Re: [lustre-discuss] Avoiding system cache when using ssd pfl extent

2022-05-20 Thread Andreas Dilger via lustre-discuss
Ake,
in this particular case I can answer your question in detail.

Before SFAOS 12.1 (IIRC) the /sys/block/*/queue/rotational setting is set from 
userspace at mount time via a udev script, and the Lustre detection of 
"rotational=0" could be racy.  Newer versions of SFAOS (12.1+) set the 
rotational state in the SCSI VPD page and this is detected directly by the 
kernel.

For EXAScaler systems that may be running older SFAOS releases, there was a 
patch made (included in 2.12.6-ddn72/EXA5.2.5) that revalidates the rotational 
device state occasionally in case it has been modified after mount time, and 
uses that to update the read_cache_enable and writethrough_cache_enable 
tunables *if they have not been explicitly set*.

Until you update to a newer EXA and/or SFAOS, you can explicitly tune 
osd-ldiskfs.*.read_cache_enable=0 and ...writethrough_cache_enable=0, using a 
wildcard "*" if all of the OSTs/MDTs are flash based.  If you have a hybrid 
NVMe/HDD system, you can explicitly select a subset of OST/MDT devices to 
disable the caches.

Cheers, Andreas

On May 20, 2022, at 02:49, Åke Sandgren 
mailto:ake.sandg...@hpc2n.umu.se>> wrote:
On 5/20/22 09:53, Andreas Dilger via lustre-discuss wrote:
To elaborate a bit on Patrick's answer, there is no mechanism to do this on the 
*client*, because the performance difference between client RAM and server 
storage is still fairly significant, especially if the application is doing 
sub-page read or write operations.
However, on the *server* the OSS and MDS will *not* put flash storage into the 
page cache, because using the kernel page cache has a measurable overhead, and 
(at least in our testing) the performance of NVMe IOPS is actually better 
*without* the page cache because more CPU is available to handle RPCs.  This is 
controlled on the server with 
osd-ldiskfs.*.{read_cache_enable,writethrough_cache_enable}, default to 0 if 
the block device is non-rotational, default to 1 if block device is rotational.

Then my question is, what is it checking to determine non-rotational?

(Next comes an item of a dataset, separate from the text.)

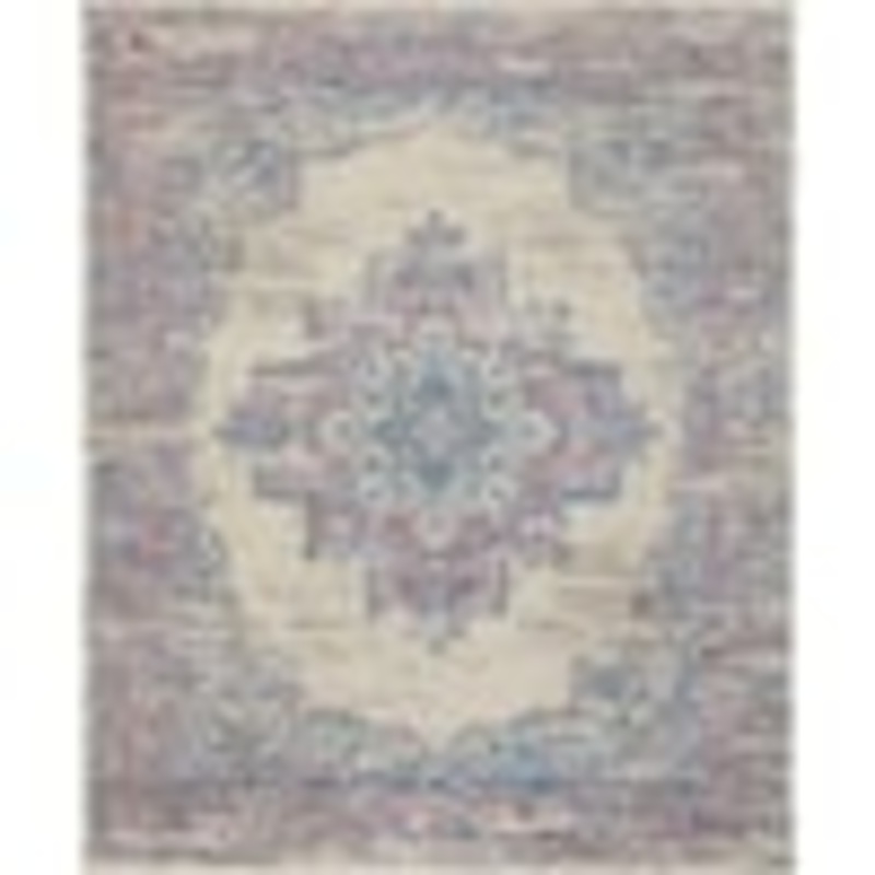 In soothing shades of pink and ivory with subtle blue accents, this brilliantly-bordered, central medallion Grafix area rug from Nourison will elevate the elegance quotient of any room. Masterfully power loomed from a silky and ultra-hardy polypropylene for a lavish feel, long wear, and low maintenance.

On our systems the NVMe disks have read/writethrough_cache_enable = 1 (DDN 
SFA400NVXE) with
===
/dev/sde on /lustre/stor10/ost (NVMe)
cat /sys/block/sde/queue/rotational
0
lctl get_param osd-ldiskfs.*.*cache*enable
osd-ldiskfs.stor10-OST.read_cache_enable=1
osd-ldiskfs.stor10-OST.writethrough_cache_enable=1

EXAScaler SFA CentOS 5.2.3-r5
kmod-lustre-2.12.6_ddn58-1.el7.x86_64
===

--
Ake Sandgren, HPC2N, Umea University, S-90187 Umea, Sweden
Internet: a...@hpc2n.umu.se  Mobile: +46 70 7716134  
Fax: +46 90-580 14
WWW: http://www.hpc2n.umu.se
___
lustre-discuss mailing list
lustre-discuss@lists.lustre.org
http://lists.lustre.org/listinfo.cgi/lustre-discuss-lustre.org

Cheers, Andreas
--
Andreas Dilger
Lustre Principal Architect
Whamcloud







___
lustre-discuss mailing list
lustre-discuss@lists.lustre.org
http://lists.lustre.org/listinfo.cgi/lustre-discuss-lustre.org


Re: [lustre-discuss] Avoiding system cache when using ssd pfl extent

2022-05-20 Thread Åke Sandgren




On 5/20/22 09:53, Andreas Dilger via lustre-discuss wrote:

To elaborate a bit on Patrick's answer, there is no mechanism to do this on the 
*client*, because the performance difference between client RAM and server 
storage is still fairly significant, especially if the application is doing 
sub-page read or write operations.

However, on the *server* the OSS and MDS will *not* put flash storage into the 
page cache, because using the kernel page cache has a measurable overhead, and 
(at least in our testing) the performance of NVMe IOPS is actually better 
*without* the page cache because more CPU is available to handle RPCs.  This is 
controlled on the server with 
osd-ldiskfs.*.{read_cache_enable,writethrough_cache_enable}, default to 0 if 
the block device is non-rotational, default to 1 if block device is rotational.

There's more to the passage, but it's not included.